Vi è mai capitato di avere una passione tanto profonda da non poterne fare a meno neanche per un giorno? E soprattutto di non voler dividere con nessuno quella gioia così profonda, quel piacere così intimo che vi sembra prezioso come l'aria che respirate?

Per Vivian Maier fotografare era questo. Il sollievo costante dalle fatiche quotidiane. Forse la medicina contro tutto quello che le era andato storto nella vita.

Un corpo per niente aggraziato. Una famiglia che la lascia troppo presto sola. Un carattere ruvido con qualche aggressività di troppo. Ogni volta che vedo la sua lucida tristezza nei magnifici autoritratti, selfie scattati più di 60 anni fa sfruttando le vetrine delle grandi avenue americane o lo specchio della sua stanza spoglia, provo per lei un'istintiva commozione.

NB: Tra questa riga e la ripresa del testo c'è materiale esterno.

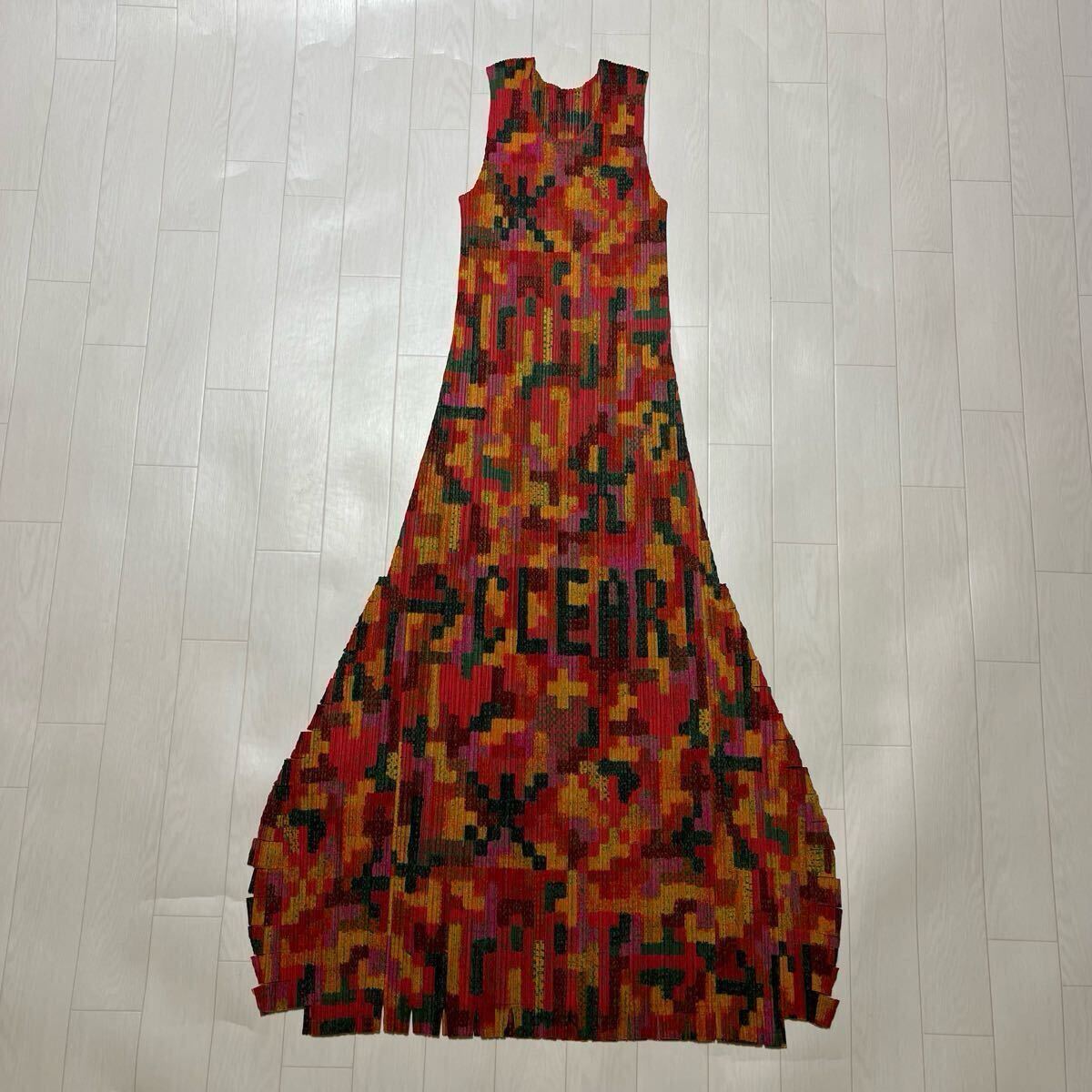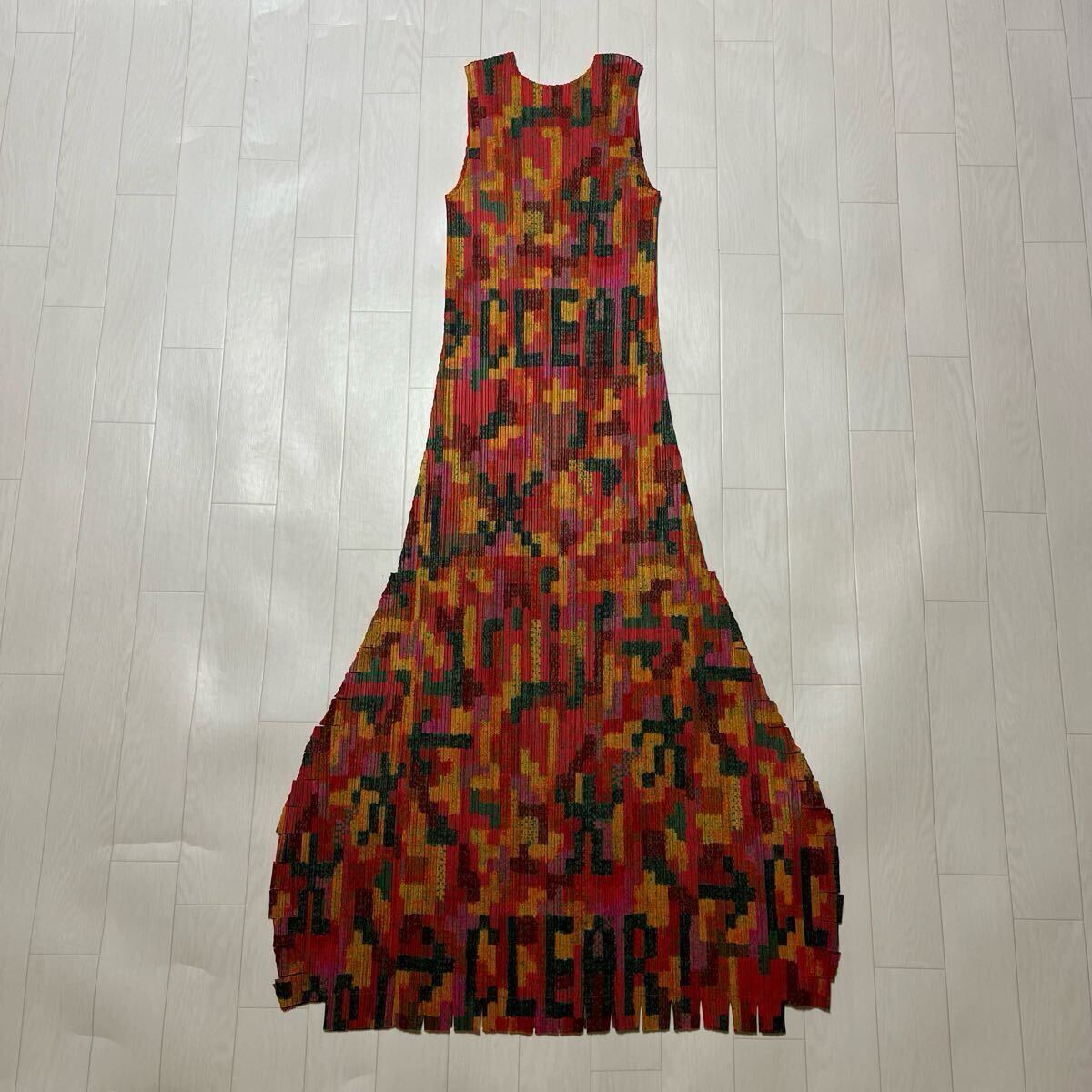 美品 プリーツプリーズ イッセイミヤケ ノースリーブ ロングワンピース CLEAR
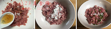 6、加入小葱后揉捏均匀,腌制十来分钟。
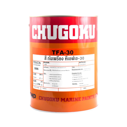 สีกันเพรียง TFA30 CHUKOKU LightBlue-เป็นสีกันเพรียงสำหรับใช้งาน 36-48 เดือน ขึ้นอยู่กับความหนาที่ทา ฟิล์มสีค่อนข้างแข็ง เหมาะกับการใช้งานกับเรือที่วิ่งด้วยความเร็วปานกลางถึงสูง ปราศจากสารดีบุก ไม่ทำลายสิ่งแวดล้อมในทะเล มีคุณสมบัติที่สามารถทาทับสีกันเพรียงเก่าได้ ใช้งานง่ายทั้งเรือใหม่และเรือเก่าซ่อมบำรุง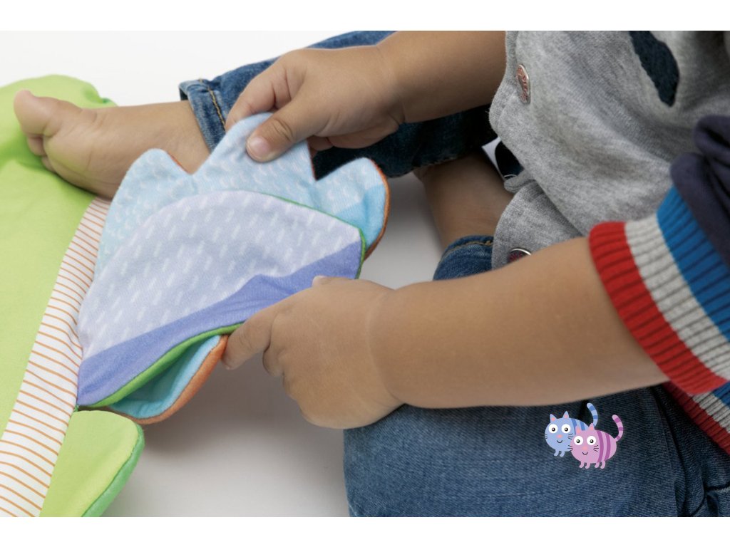 - Bohatá na hmatové podněty díky tělu, které lze naplnit vodou a nafouknout vzduchem, různými tkaninami a efektu mačkání a šustění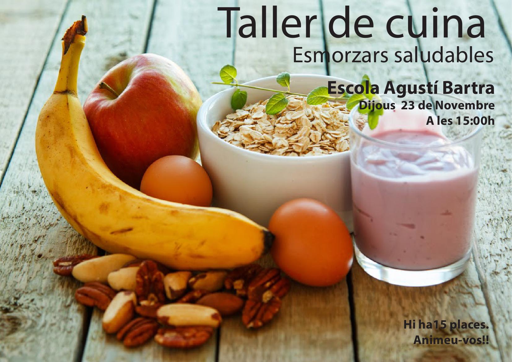 El proper dijous 23 de novembre a les 3 de la tarda tindrà lloc a l’escola un taller de cuina per tractar el tema dels esmorzars saludables.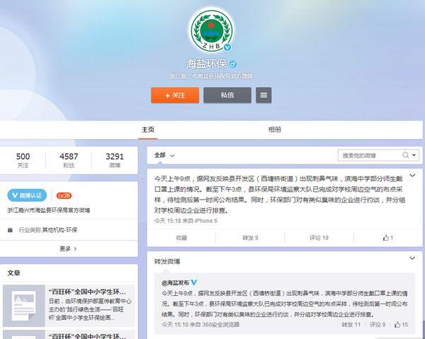 这则消息也被海盐县环保局的官微“@海盐环保”转发,并连续@了“@嘉兴环境保护”和“@浙江环保”。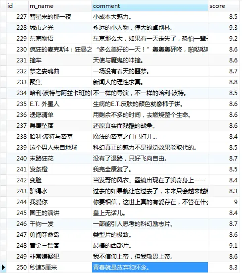 这里我需要的信息不多,所以只有电影名字,电影简介及电影评分。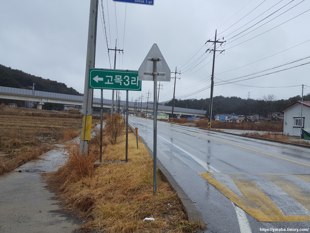 고목리 하천변 길을 걷다가 우회전하여 울진북로를 향한다.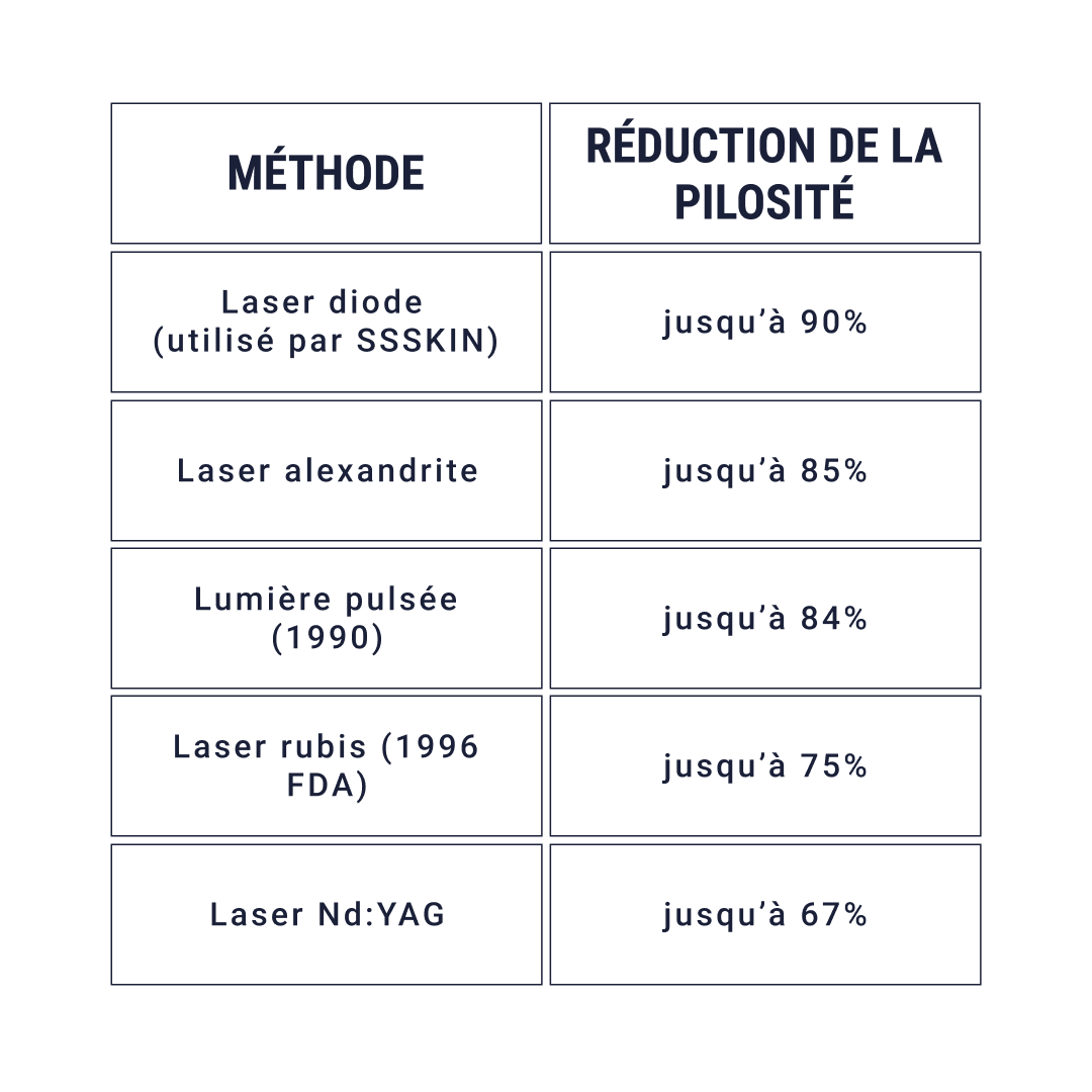 Bien que chaque technique ait ses avantages, l'épilation au laser Diode reste la technologie la plus efficace, rapide et sûre, adaptée à tous les phototypes et à tout type de poil, quelle que soit leur taille.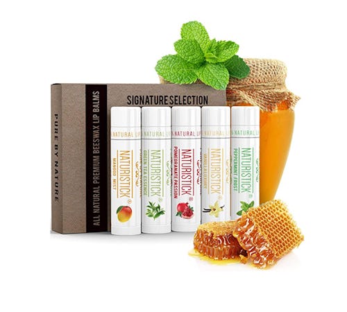 Soothe dry, cracked lips with this set of five lip balms made from natural ingredients, like beeswax, and deeply hydrating sunflower seed and coconut oils. The cruelty- and paraben-free balms are flavored, too: green tea, peppermint, mango, vanilla, and pomegranate.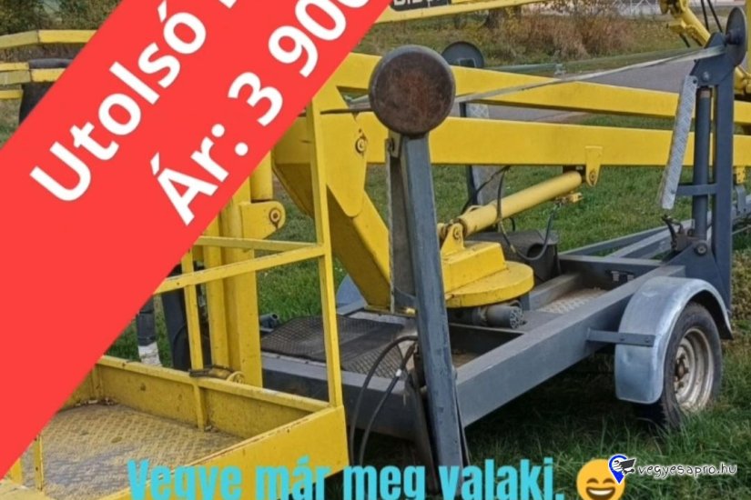 Eladó Bison Palfinger K12 típusú utánfutóra szerelt kosaras karos emelőgép, felújított állapotban. Max. munkamagasság: 12 m Állapot: felújított, jó állapotú Kialakítás: utánfutóra szerelt (az utánfutó nem rendszámos) Felhasználás: villanyszerelési munkák, homlokzati munkák, faápolás/fakitermelés, karbantartás, egyéb magasban végzett munkák Helyszín: Hajdúdorog (megtekintés előre egyeztetett időpontban). Érdeklődni és megtekintési időpontot egyeztetni: +36 70 650 4952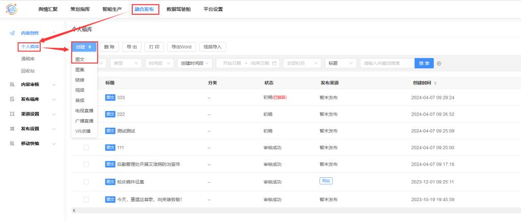 2、进入平台后点击“融合发布→内容创作→个人稿库→创建→图文”

Vivian è il personaggio più misterioso della fotografia contemporanea e il documentario che racconta la sua vita mi ha catturato come un thriller (si intitola Alla ricerca di Vivian Maier se volete andare a vederlo al cinema).

Racconta come per tutti lei fosse solo una baby sitter un po' eccentrica e solitaria che accudiva ragazzini benestanti di Chicago e New York. Una specie di Mary Poppins che si nascondeva sotto buffi cappelli, portava camicie da uomo e non usciva mai di casa senza la macchina fotografica al collo.

I suoi unici amori erano misteriosi scatoloni e valigie con cui traslocava da un datore di lavoro al successivo. Amava giocare con i bambini ma era capace di trascinarseli anche nei sobborghi più pericolosi della città pur di poter scattare qualche foto in più.

Fotografava sempre, continuamente, fotografava per sé. Era la sua terapia, il suo giardino segreto. Nessuno doveva vedere quelle incredibili immagini. E nessuno le ha viste finché lei è stata in vita. 100000 negativi che sarebbero finiti in discarica se John Maloof, un giovane collezionista appassionato di mercatini delle pulci, non li avesse ripescati per caso.

Oggi Vivian viene paragonata a fotografi come Henry Cartier Bresson o Robert Frank. E negli Stati Uniti e in Europa la gente fa la fila a ogni sua mostra, pronta a emozionarsi davanti ai ritratti scattati per le strade delle metropoli americane. “Lei, così riservata, odierebbe tutto questo, non lo avrebbe mai permesso” racconta nel documentario chi la conosceva bene.

Ma se uno ha un talento così grande ha il diritto di tenerselo per sé? Di non voler mostrare al mondo la bellezza che sa creare? Me lo chiedo mentre guardo le gallery pubblicate da Maloof su www.vivianmaier.com. Voi cosa ne pensate?